WATERMARK directed by Jennifer Baichwal and Edward Burtynsky. A Mongrel Media release. 90 minutes. Some subtitles. Opens Friday (September 27). For venues and times, see listings.
Jennifer Baichwal and Edward Burtynsky would like you to really think about water.
Their new documentary Watermark (produced contemporaneously with Burtynsky’s book of stills, Water) explores humanity’s relationship to water around the world – how it’s used, abused, diverted and repurposed. And in a period of fast-paced, flashily edited films, it dares to take its time.
“Look, we know the capacity for reflection has diminished in contemporary society in general,” Baichwal says, doing a press day with Burtynsky just hours before their movie premieres at the Toronto Film Festival.
“Many documentaries can be reductive, because they’re advancing one point of view.
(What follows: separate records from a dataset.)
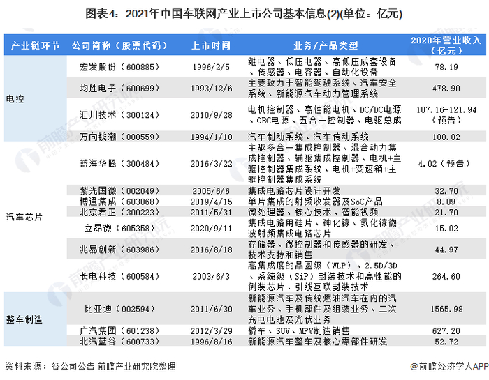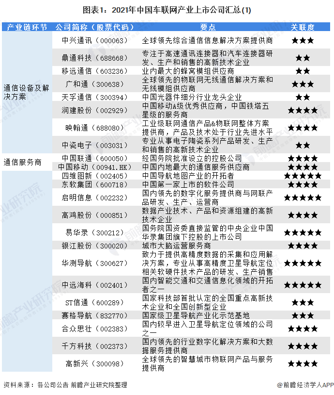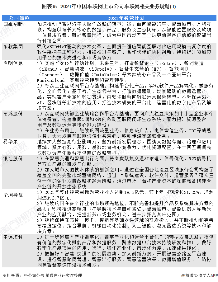 原标题:【最全】2021年中国车联网行业上市公司全方位对比(附业务布局汇总、业绩对比、业务规划等) 来源:前瞻产业研究院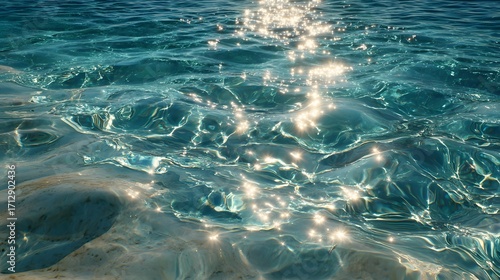 Obraz premium Sunlight Sparkles on Crystal Clear Turquoise Water Over a Sandy Seabed.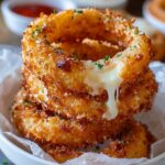 For a fun party presentation, serve the rings stacked in a rustic wire basket lined with parchment paper alongside dipping sauces like marinara, ranch, or spicy aioli. You can also thread several rings on skewers to create cheesy onion ring “lollipops” for an eye-catching appetizer platter.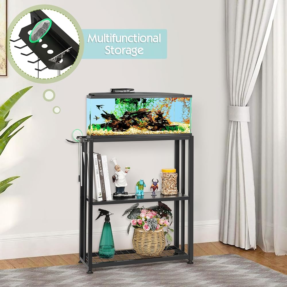 Multifunctional Design: Unlike other traditional fish tank stand, this aquarium stand adopts a three-layer design. The top layer can be used to place an aquarium, and the middle can also be used to place other capacity aquariums, aquatic plants and potted plants. The bottom is convenient for you to store fish feed, Items such as fishing nets. And the side shelf can store aquarium tools and keep it tidy.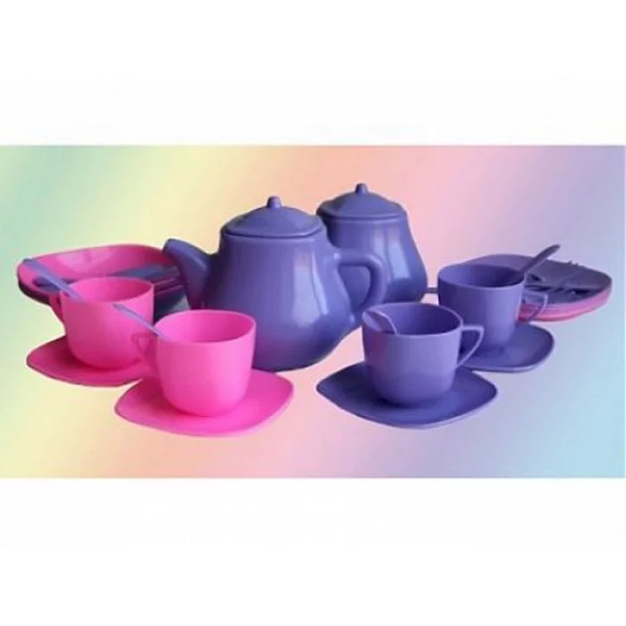 Очень нежный и сказочный набор детской посуды "Мальвина", который создан для настоящих принцесс!В комплекте прилагается 28 предметов: чайник, сахарница, чашечки, блюдца, тарелки, ложечки – все, что необходимо для сказочного чаепития.Предметы представлены в мягких цветах розового и фиолетового.Девочка сможет устраивать совместные чаепития и беседы: по тарелочкам она сможет разложить пирожные, а в чайнике заварить ароматный чай.Посуда изготовлена из пластика, поэтому, если девочка уронит чашку, она не разобьется и ребенок не поранится.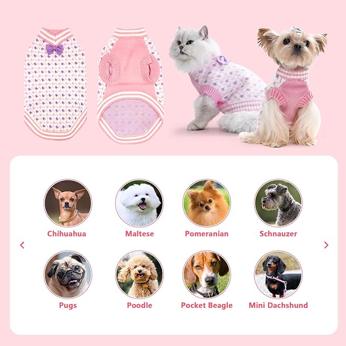 - Fit Breed: fits all kinds of small slender dogs and cats, Chihuahua / Pomeranian / Pugs / Maltese / Shih Tzu puppy / Poodle / Mini dachshund / Maltipoo / Schnauzer/Pocket Beagle /Bichon /Frise Pug and so on, Note: The dog sweaters are suitable for small or medium dogs and not suitable for large dogs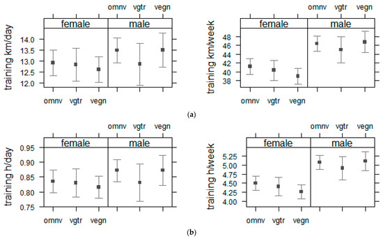 Mean effect size to display the interaction between diet type, sex, and weekly training mileage (a) or weekly training duration (b). Note: Results are presented as mean effect sizes with bars displaying 95%-CI with lower and upper boundaries. Omnv—omnivores: have no restriction on source of food; vgtr—vegetarians: avoid all flesh foods but consume egg and/or dairy products; vegn—vegans: avoid all foods and ingredients from animal sources. km—kilometers; h—hours.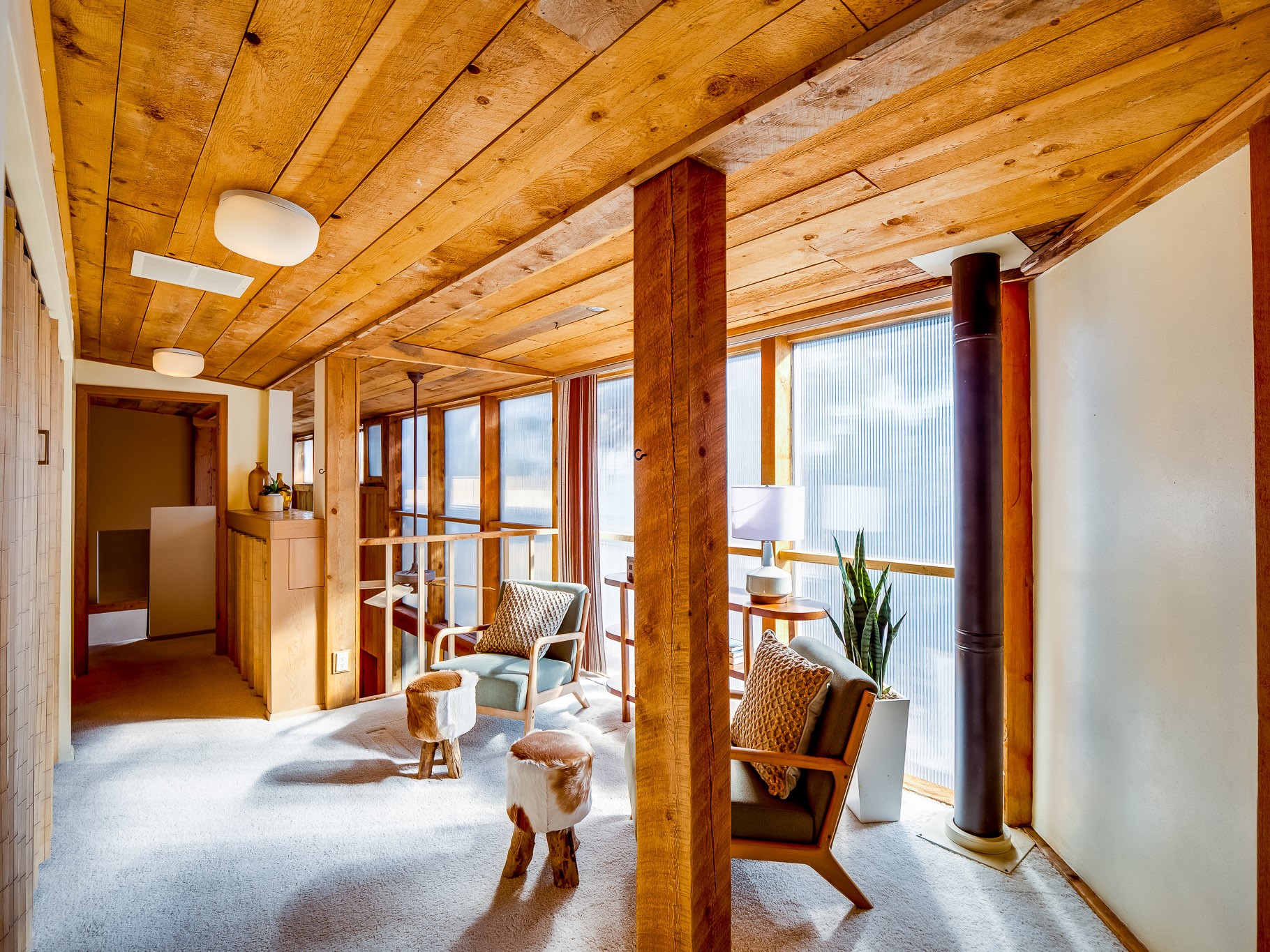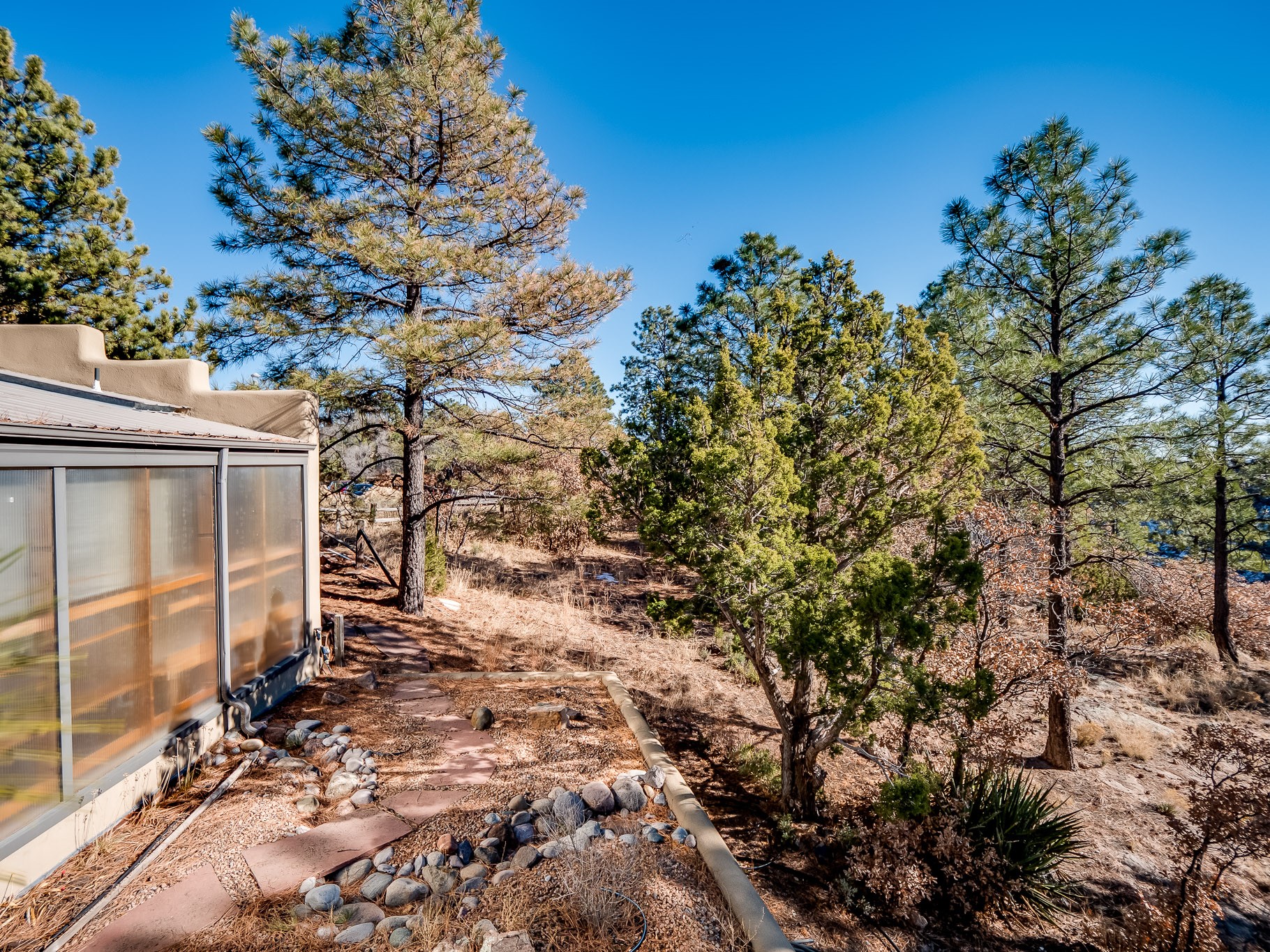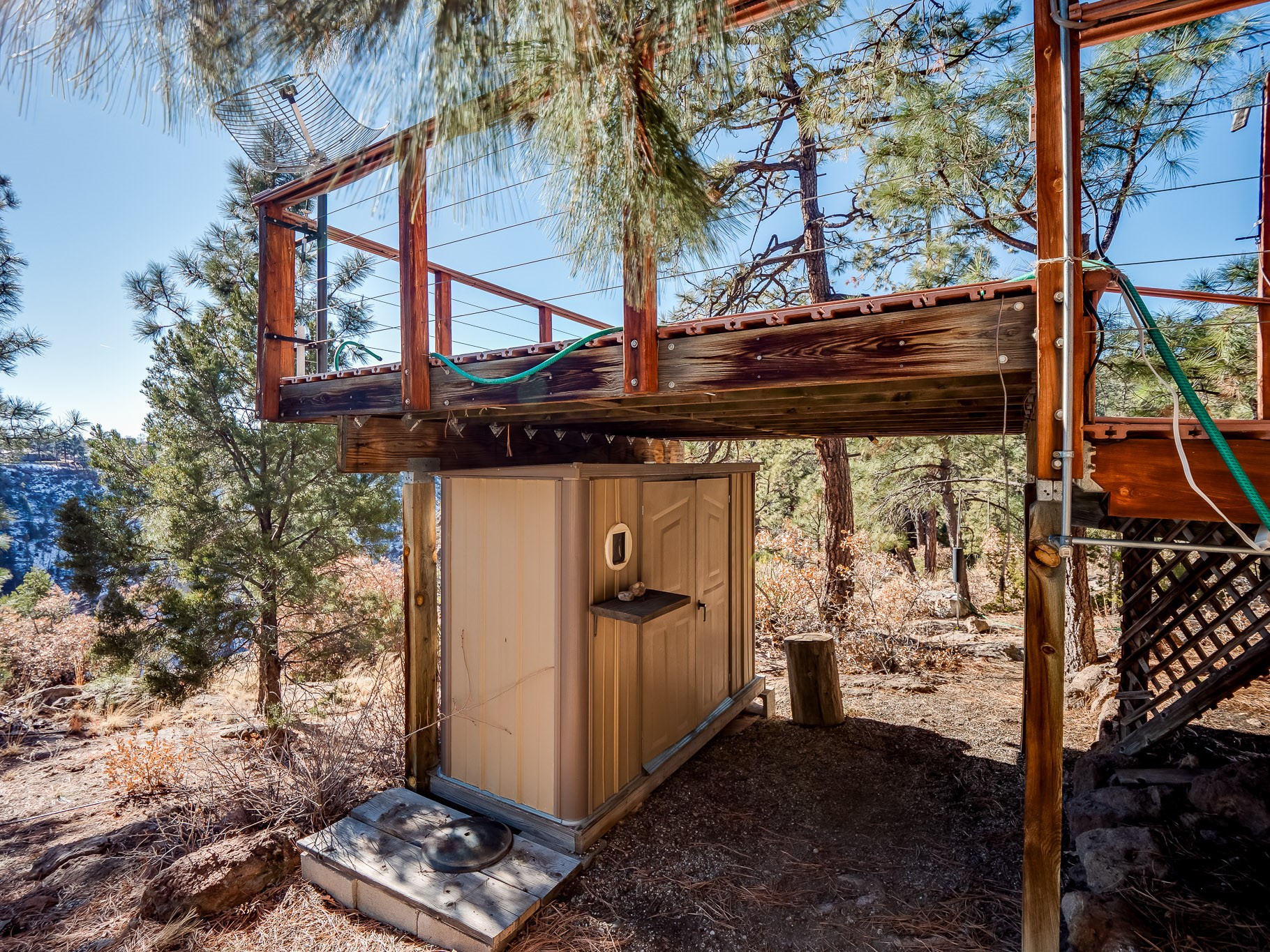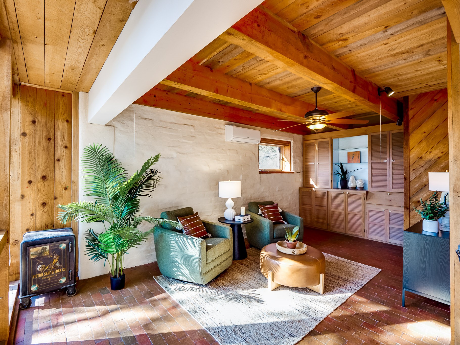 Perched on the canyon in North Mesa, this custom modern adobe home is a rare architectural offering that seamlessly blends natural materials, thoughtful design, and breathtaking surroundings. Character and craftsmanship are evident at every turn, with expansive canyon and treetop views. From the moment you step through the front door your'e greeted with a long, dramatic hallway setting the tone, featuring wood-planked vaulted ceilings, brick flooring, floor to ceiling windows and a rich combination of wood plank and plastered walls that continue throughout the home. The living room carries forward the vaulted ceilings and is anchored by a wood-burning freestanding fireplace that serves as a striking focal point between the living and dining area, thoughtfully tying the spaces together. The kitchen and family room form a bright, open living space with wood-beamed ceilings, abundant windows, and sliding doors that lead directly to the deck. The family room offers a custom wood built-in cabinetry and a gas freestanding fireplace. The kitchen features light-toned wood cabinetry, hard surface counters, and a peninsula island with bar seating, perfect for casual meals or entertaining. Just off the kitchen is a guest bath with a single-sink vanity and a tiled walk-in shower. This level also provides access to the two-car garage, which includes a connected green room. Upstairs, is fully carpeted and offers two bedrooms. A guest bed and the spacious primary suite that feels luxurious and serene, highlighted by a kiva fireplace and a dedicated seating area. There's a large closet and a washer and dryer for added convenience. The generously sized bathroom is shared between the two bedrooms and includes a deep jetted soaking tub, a walk-in shower, and two separate single-sink vanities. Outdoor living is truly exceptional, with a massive composite deck offering multiple areas for entertaining and taking in those canyon views. Book your tour to experience this home for yourself!

There’s clarity there, but you gain clarity at the expense of complexity. This was a complex subject, and we wanted to let it be as complex and multifaceted as water is – you kind of flow along in that stream, and hopefully it allows you to think about it in a different way. It gives you a different understanding of this thing that most of us in the developed world take for granted.”
Burtynsky was an essential creative collaborator on Manufactured Landscapes, but for Watermark he shares directorial credit with Baichwal.
“We went to our strengths,” Baichwal says. “Ed and I would be up in a helicopter, or Nick [de Pencier, producer/cinematographer] and Ed would be up in a helicopter, and Ed would be taking stills and Nick or I would be directing the Cineflex operator, and Ed would look at the screen and we’d figure out in points and out points” for a given shot.
“But then we’d go down on the ground, and Ed would spend a lot of time trying to get one incredible shot at the dam, and Nick and I would be following the guys who were going for lunch. We needed to do that for the film to work. It needed to have the human, emotional element.”
The project took Baichwal, Burtynsky and de Pencier around the world, from China’s massive Xiluodu Dam to unspoiled watersheds in British Columbia. And then they spent 11 months in an editing suite, finding the movie’s structure. (The most intriguing revelation in Watermark’s end-credit roll is the notation that the production began without a script.)
“Our way of making films is probably a dying way, because it does take a lot of time, and they’re expensive,” Baichwal says. “But it is about being in a place in an authentic way, and then trying to convey that authenticity to the viewer in an experiential way. It’s not having something that you already want to say in advance, and going there to find that thing and to cover it and then leave, you know?”
Baichwal and Burtynsky talk about the film on Sunday (September 29), 3 pm, at Indigo Manulife Centre. See Books, page 68. And the film’s Xiluodu Dam section plays during Nuit Blanche, October 5, at the TIFF Bell Lightbox.